There Ought to Be a Law
District 1 CWA Representative Don Rice reported on New Jersey legislation to ban outsourcing of work done under state contract (see story, page 10), and Courtney said his local is pushing identical legislation in Washington State. CWA is actively promoting similar legislation in North and South Carolina, Arizona, California, Connecticut, Florida, Hawaii, Massachusetts, Maryland, Minnesota, Missouri, New York, Oregon, Texas and Vermont. For information, visit www.cwa-legis-pol.org.

CWA members have also worked for right-to-know legislation, such as Sen. John Kerry (D-Mass.) introduced in the last Congress, to require customer service representative to disclose their name and location. Though some state governors have issued right-to-know executive orders aimed at companies that do business with the state, so far legislation has not passed.

Winning Public Support
In bargaining, organizing or legislative activity to stave off outsourcing, community support is key.

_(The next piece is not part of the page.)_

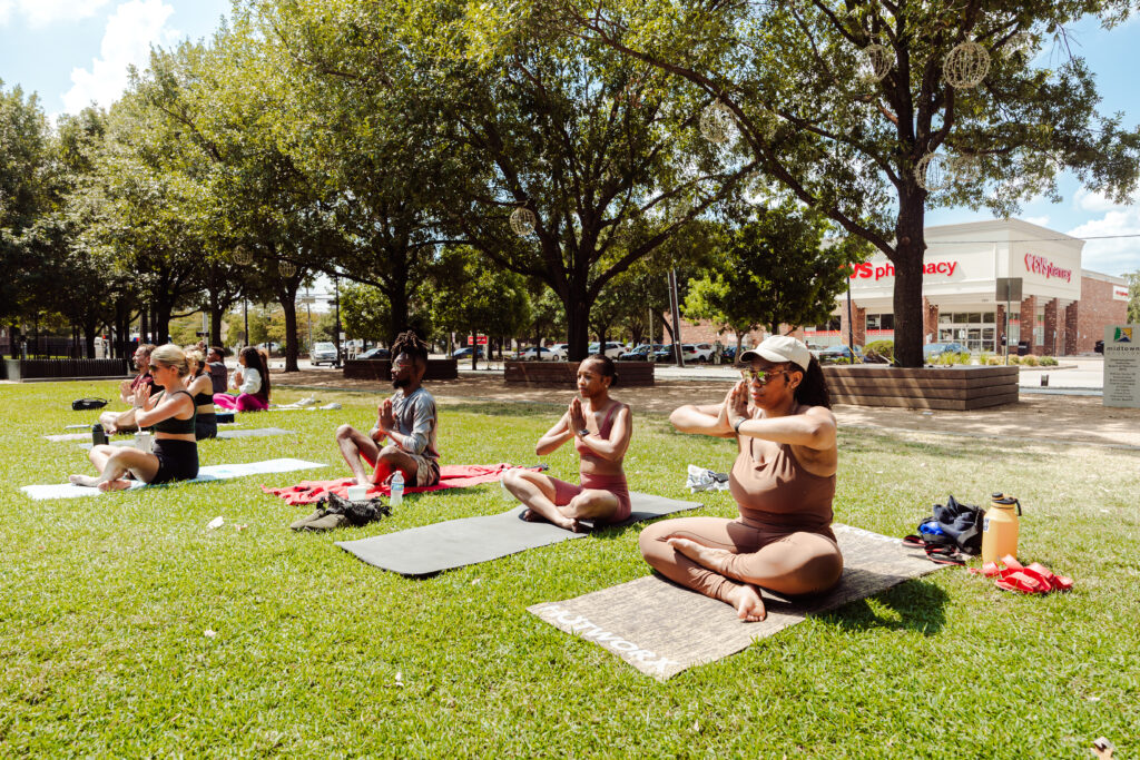 On a sunlit Saturday morning in Midtown, Houstonians came together for a one-of-a-kind yoga and meditation experience, part of the HueMan:Shelter public art project. Led by artist and anthropologist Marlon F. Hall, “Hueman Home” invited participants to reconnect with their sense of belonging, healing, and home, both within themselves and throughout the city they share.

That's why CWA members have rallied at annual shareholder meetings of AT&T, IBM and other multinationals: to let shareholders and customers know that when work is outsourced, they're not getting what they paid for and it's stealing hometown jobs.

As District 9 CWA Representative John Dugan pointed out, companies are asking themselves: "What kind of work can we make routine and then ship off to a vendor?

"That could be to Indiana-or it could be to India," he said.